Bij een positieve beoordeling gaan wij verder met de behandeling van je aanvraag. Dit betekent dat wij nog een technische toets uitvoeren. Tijdens de technische toets controleren wij of jouw project financieel en economisch uitvoerbaar is. Ook controleren wij of het project past binnen de verschillende juridische vereisten, zoals staatssteun en of de begrote kosten passen binnen de geldende regelgeving. Tijdens deze controle stellen we (mogelijk) aanvullende vragen over het project via het EFRO-Webportal. Samen maken we afspraken om deze toets zo snel mogelijk af te ronden.
Heeft jouw project niet voldoende punten gescoord? Dan ontvang je van ons een brief waarin we jouw aanvraag afwijzen. In deze brief vind je ook de volledige beoordeling van de Deskundigencommissie.
Na ontvangst van de verleningsbeschikking kun je eenvoudig via het webportaal een werkvoorschot van 30% aanvragen. Voor het aanvragen van het werkvoorschot heb je ter verificatie van je rekeningnummer een kopie van je bankafschrift nodig.
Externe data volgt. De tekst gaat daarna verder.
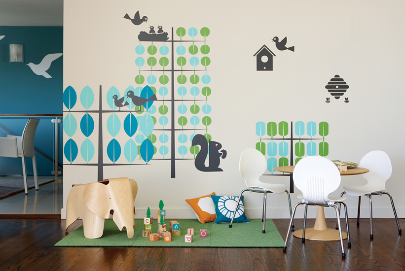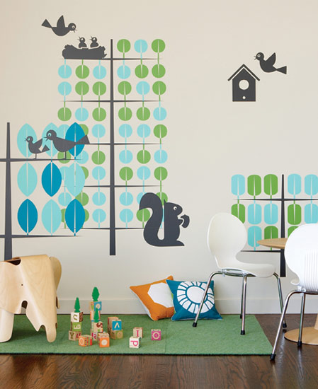 Le pack Trees/Arbres présenté ici contient au total 109 stickers muraux pour décorer et transformer radicalement une chambre d'enfant avec un décor contemporain composé d'arbres, de feuilles, d'oiseaux et d'un écureu ...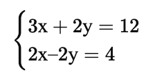 {2х+3у=12; 3х–3у=6} → (3,6;1,6)

De Deskundigencommissie bestaat uit onafhankelijke deskundigen. Zij adviseren het SNN over de toekenning van de subsidie. Dit doen zij op basis van de landelijk afgesproken selectiecriteria uit het beoordelingskader:
- De bijdrage van het project aan de doelstellingen van het Programma EFRO 2021-2027 Noord-Nederland en de openstelling & de bijdrage van het project aan maatschappelijke impact en duurzame ontwikkeling;
- Het financieel en economisch toekomstperspectief van het project;
- De innovativiteit van het project;
- De kwaliteit van de aanvraag.
De projecten worden gerangschikt op basis van dit beoordelingskader. Dit betekent dat het project met de hoogste score als eerste subsidie ontvangt, daarna het project met de een-na-hoogste score, totdat het budget op is. Ook geldt een ondergrens van 70 punten. Projecten die minder dan 70 punten scoren, komen niet in aanmerking voor subsidie. Deze projecten dragen onvoldoende bij aan de doelstellingen van het subsidieprogramma.